CO Springs, CO – By Karla Shotts, KRDO – Three adults and six children were rushed to Memorial Hospital Thursday morning. Levels of carbon monoxide inside their home on Palmer Park Boulevard were 15-hundred times the safe limit. Investigators say every member of the family said they started feeling sick Wednesday night, Thursday morning, they smelled something that just wasn’t right and called 9-1-1 and Colorado Springs Utilities. They thought it was a gas leak.They had closed the windows, locked the doors tight to keep the chilly weather out. Instead, a colorless, odorless potentially deadly gas was inside with them. Fire department and Utilities workers responding to their call for help were also challenged by a language barrier.
When CSU responded, spokesperson Rachel Beck says, they found toxic levels of carbon monoxide, “We have leak detection devices and Carbon Monoxide detectors.” Lt. Brian Keys, with the Colorado Springs Fire Department, “The readings were close to 1500 parts per million and if they would have stayed in there all night, it may have been a problem.” He says normal levels are 1 to 2 parts per million. The family was evacuated and fans were used to get the bad air out. Everyone in the house was sick. Experiencing flu like symptoms, indicative of carbon monoxide poisoning. Lt. Keys, “Some with symptoms feeling a little like headache, dizzy and tired.”

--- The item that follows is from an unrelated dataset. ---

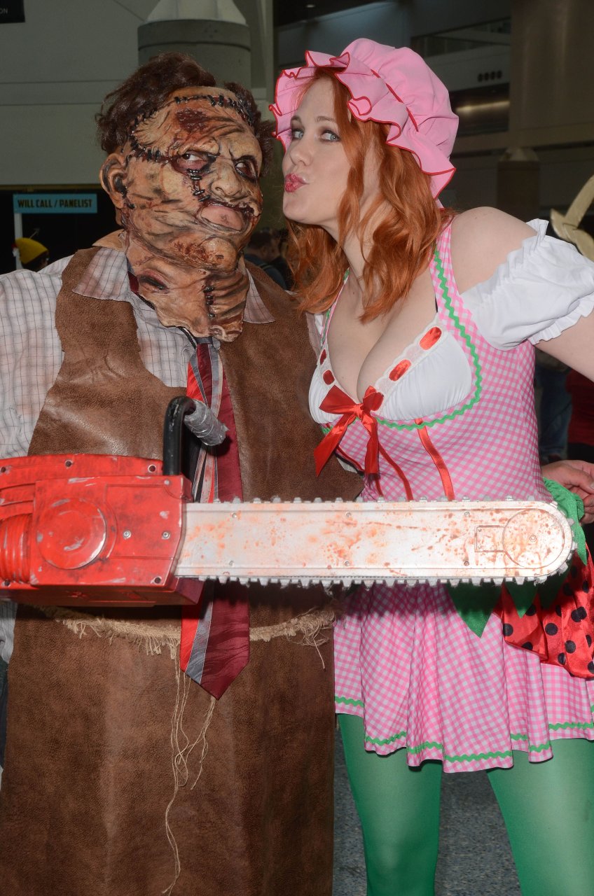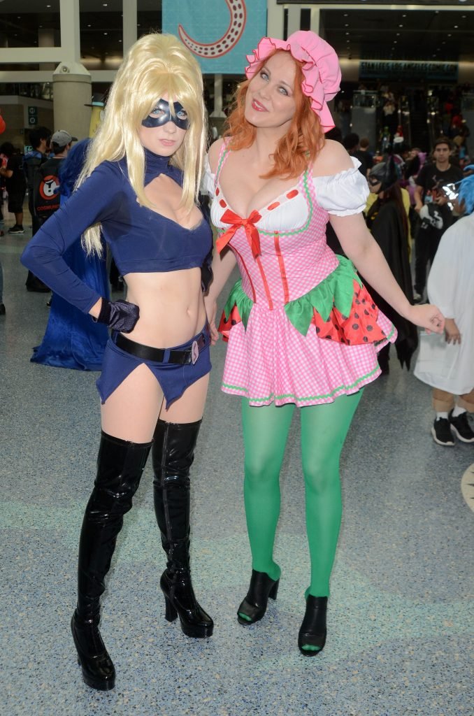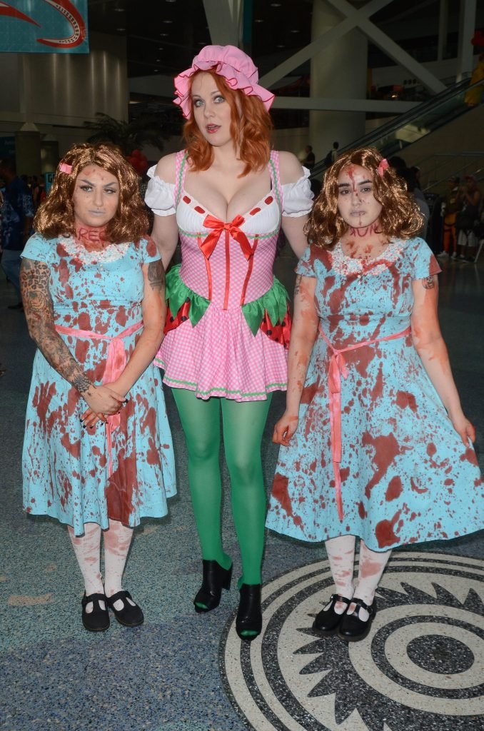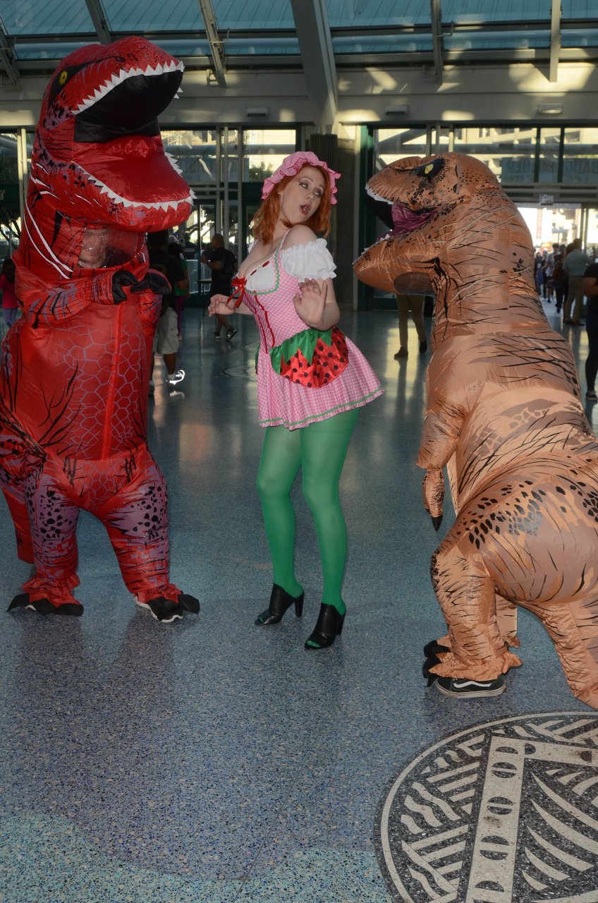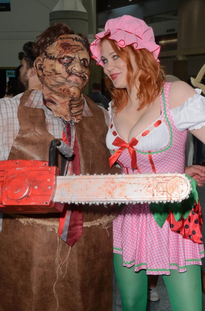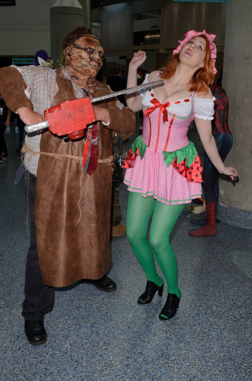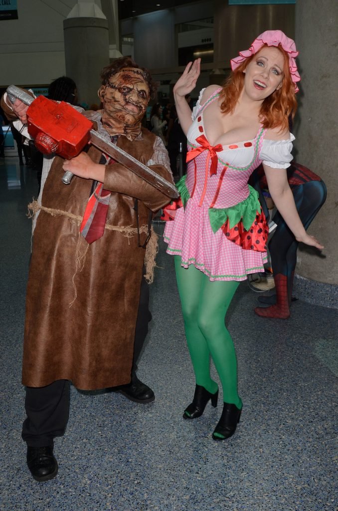 “Boy Meets World” la guapa Maitland Ward, vestida como “Strawberry Shortcake” en el Comic-Con de Los Ángeles de Stan Lee, se ensucia mientras come un helado de Strawberry Shortcake, 28/10/2017.

Beck says Utilities believe they found the source of the potentially deadly CO levels,”The family had a big fire burning and had blocked the air intake vents to the house, when the furnace kicked on, the only air it could pull was inside the house, and it pulled the smokey air from the fireplace.” Investigators weren’t able to find a CO detector in the house but recommend that everyone have on to be safe, “We encourage everyone to have a CO detector in your home, just like a smoke detector in your home.”